— Your assignment —
Make an exact transcript of the lines in the data below, starting with the one containing "Os rubro-negros estavam" and going on through the one containing "Red monster scary", with both included and the pictures left out.

— Provided information —
--------------------------------------------------
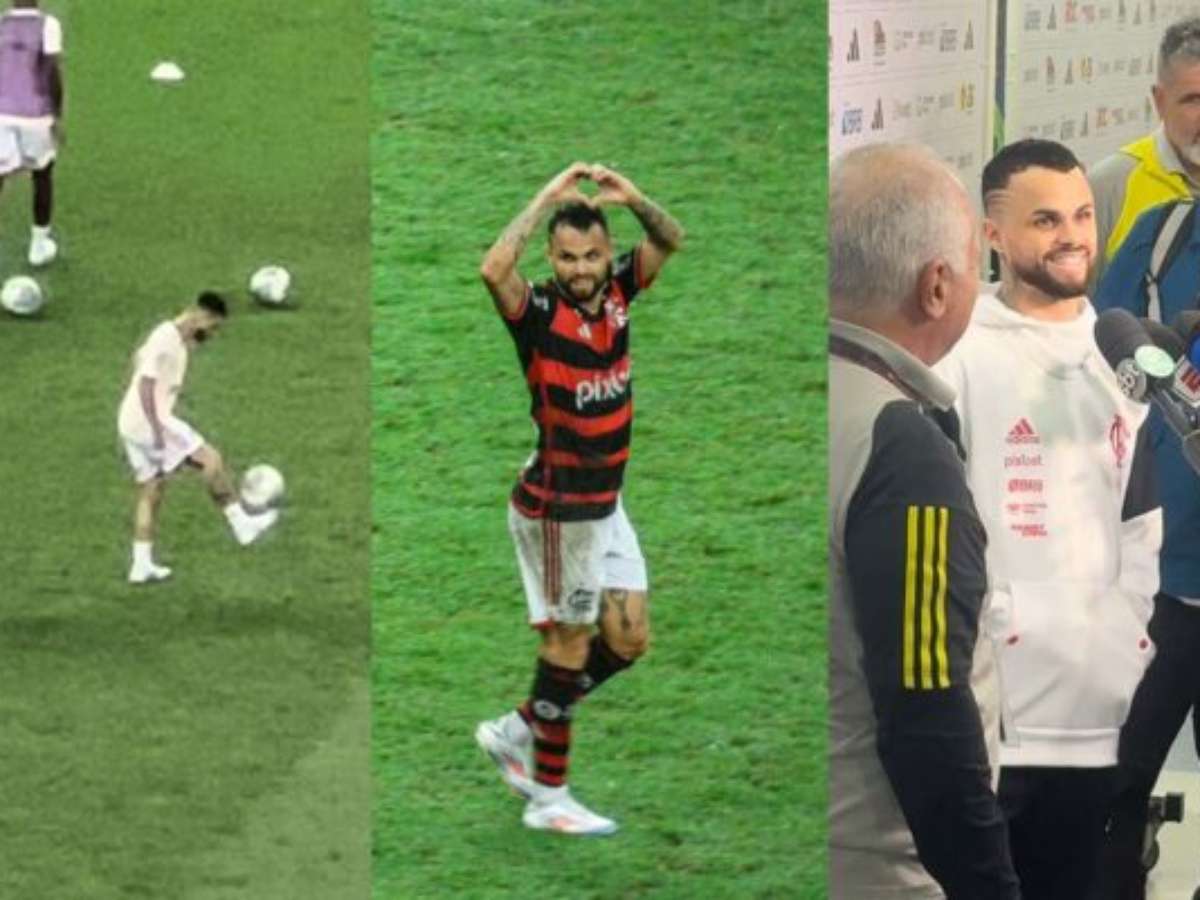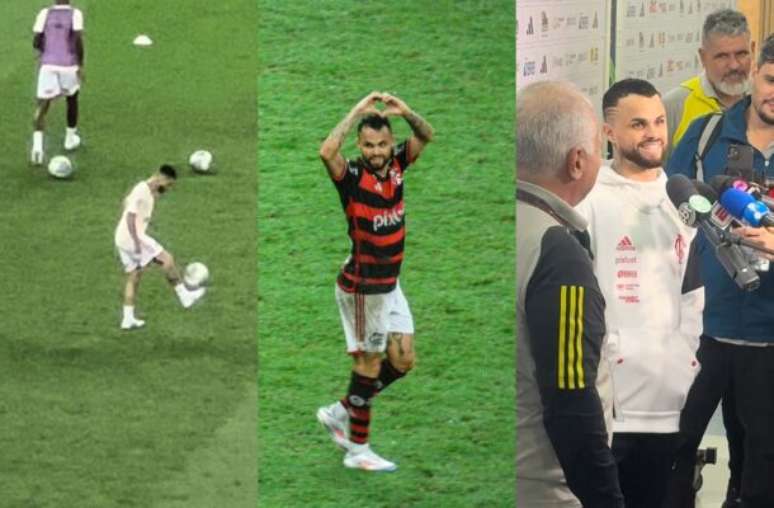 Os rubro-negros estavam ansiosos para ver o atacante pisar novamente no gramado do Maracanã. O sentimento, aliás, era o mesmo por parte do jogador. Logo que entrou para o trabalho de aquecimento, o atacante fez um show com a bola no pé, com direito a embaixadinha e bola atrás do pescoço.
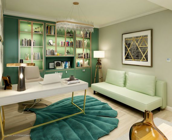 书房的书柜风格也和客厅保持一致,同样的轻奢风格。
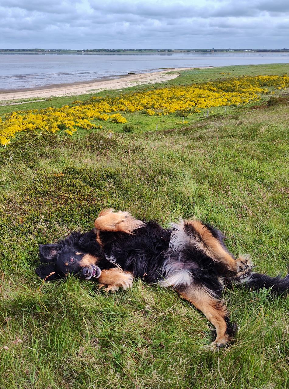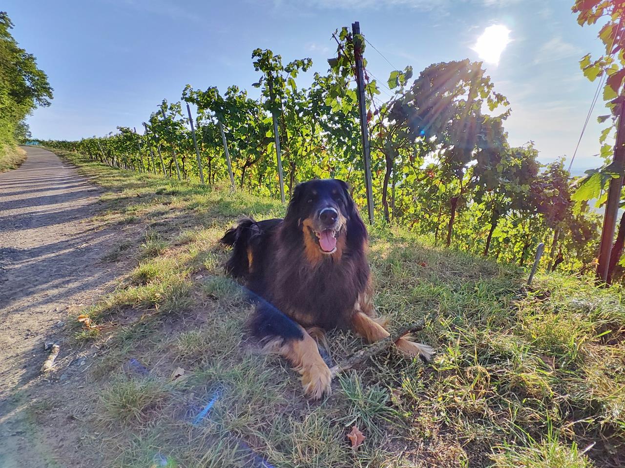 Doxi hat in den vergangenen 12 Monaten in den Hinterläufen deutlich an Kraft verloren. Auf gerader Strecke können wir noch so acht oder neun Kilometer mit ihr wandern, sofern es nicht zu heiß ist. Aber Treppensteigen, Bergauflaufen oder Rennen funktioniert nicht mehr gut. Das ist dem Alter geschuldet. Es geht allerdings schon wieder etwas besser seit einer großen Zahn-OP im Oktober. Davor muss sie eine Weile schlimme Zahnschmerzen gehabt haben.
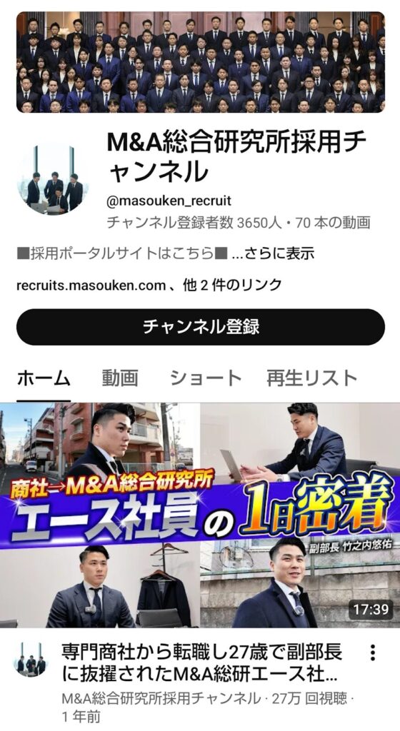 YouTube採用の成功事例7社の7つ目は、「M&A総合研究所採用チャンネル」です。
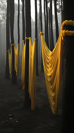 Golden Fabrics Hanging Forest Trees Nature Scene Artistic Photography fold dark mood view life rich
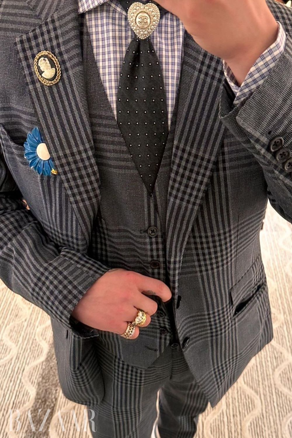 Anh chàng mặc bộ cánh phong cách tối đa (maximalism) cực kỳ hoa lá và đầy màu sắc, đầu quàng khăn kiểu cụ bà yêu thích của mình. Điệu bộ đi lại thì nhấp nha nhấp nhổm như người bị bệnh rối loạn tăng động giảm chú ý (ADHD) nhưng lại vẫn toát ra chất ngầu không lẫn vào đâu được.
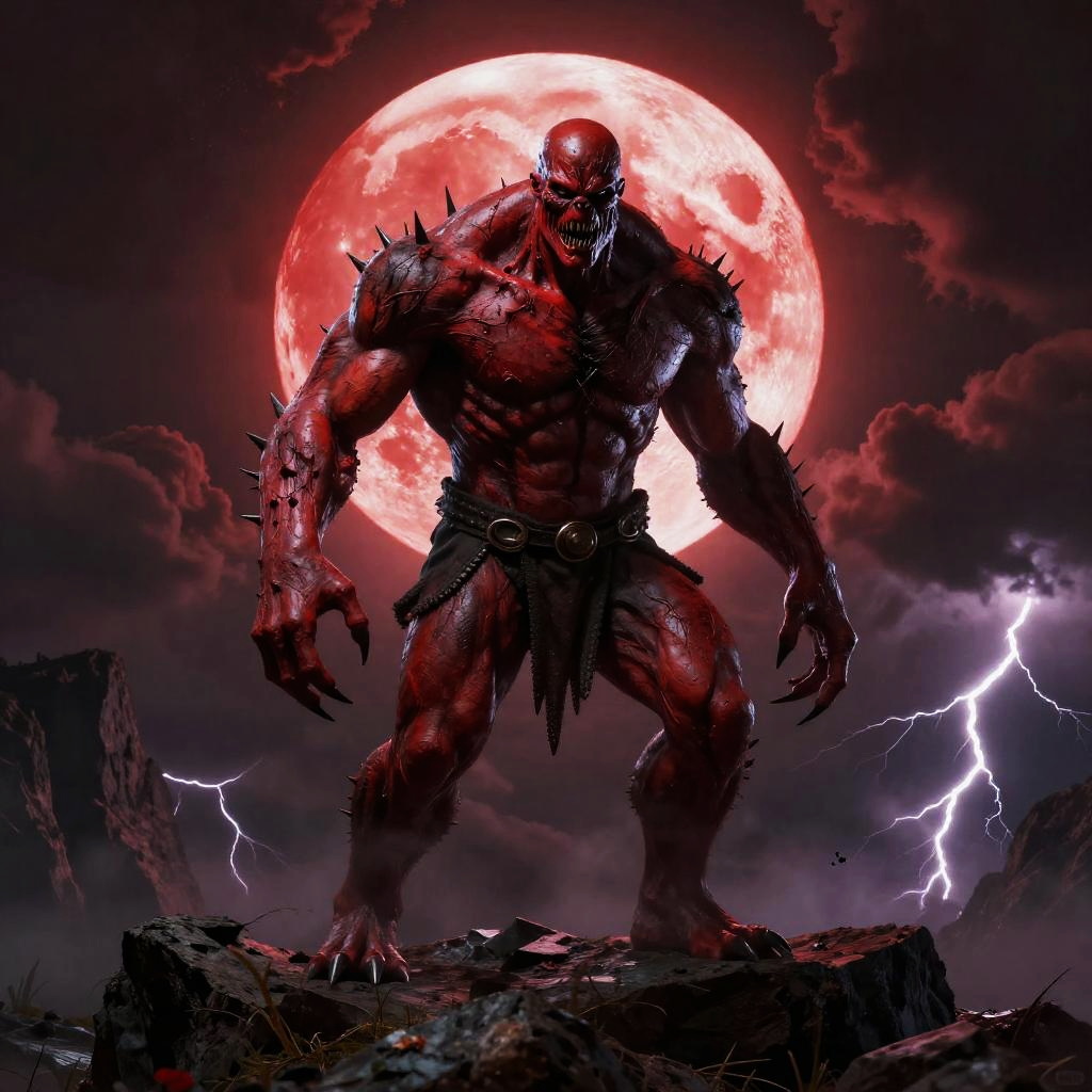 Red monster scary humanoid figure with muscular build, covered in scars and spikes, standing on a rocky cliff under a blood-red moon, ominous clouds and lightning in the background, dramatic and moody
--------------------------------------------------
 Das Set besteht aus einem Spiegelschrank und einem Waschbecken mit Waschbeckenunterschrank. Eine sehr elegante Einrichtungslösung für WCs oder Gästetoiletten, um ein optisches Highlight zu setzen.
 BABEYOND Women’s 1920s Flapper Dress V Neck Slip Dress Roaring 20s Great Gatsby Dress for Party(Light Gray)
--------------------------------------------------
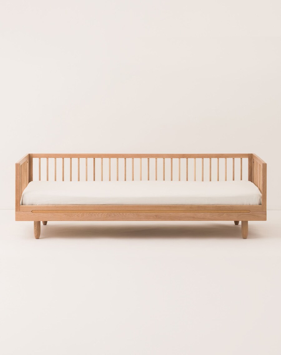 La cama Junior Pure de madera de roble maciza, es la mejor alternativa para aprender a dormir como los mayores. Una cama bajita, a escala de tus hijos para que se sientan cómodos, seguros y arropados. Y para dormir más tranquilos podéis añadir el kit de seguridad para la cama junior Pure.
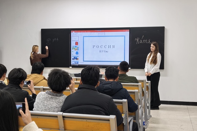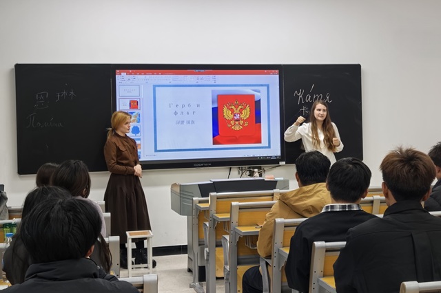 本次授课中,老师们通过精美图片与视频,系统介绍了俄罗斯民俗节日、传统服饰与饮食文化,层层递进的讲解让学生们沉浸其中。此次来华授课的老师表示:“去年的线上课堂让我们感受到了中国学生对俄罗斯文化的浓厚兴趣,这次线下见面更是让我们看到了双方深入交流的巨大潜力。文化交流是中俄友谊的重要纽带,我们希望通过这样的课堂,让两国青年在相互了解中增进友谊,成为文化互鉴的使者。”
--------------------------------------------------
— Expected answer —
 Os rubro-negros estavam ansiosos para ver o atacante pisar novamente no gramado do Maracanã. O sentimento, aliás, era o mesmo por parte do jogador. Logo que entrou para o trabalho de aquecimento, o atacante fez um show com a bola no pé, com direito a embaixadinha e bola atrás do pescoço.
 书房的书柜风格也和客厅保持一致,同样的轻奢风格。
 Doxi hat in den vergangenen 12 Monaten in den Hinterläufen deutlich an Kraft verloren. Auf gerader Strecke können wir noch so acht oder neun Kilometer mit ihr wandern, sofern es nicht zu heiß ist. Aber Treppensteigen, Bergauflaufen oder Rennen funktioniert nicht mehr gut. Das ist dem Alter geschuldet. Es geht allerdings schon wieder etwas besser seit einer großen Zahn-OP im Oktober. Davor muss sie eine Weile schlimme Zahnschmerzen gehabt haben.
 YouTube採用の成功事例7社の7つ目は、「M&A総合研究所採用チャンネル」です。
 Golden Fabrics Hanging Forest Trees Nature Scene Artistic Photography fold dark mood view life rich
 Anh chàng mặc bộ cánh phong cách tối đa (maximalism) cực kỳ hoa lá và đầy màu sắc, đầu quàng khăn kiểu cụ bà yêu thích của mình. Điệu bộ đi lại thì nhấp nha nhấp nhổm như người bị bệnh rối loạn tăng động giảm chú ý (ADHD) nhưng lại vẫn toát ra chất ngầu không lẫn vào đâu được.
 Red monster scary humanoid figure with muscular build, covered in scars and spikes, standing on a rocky cliff under a blood-red moon, ominous clouds and lightning in the background, dramatic and moody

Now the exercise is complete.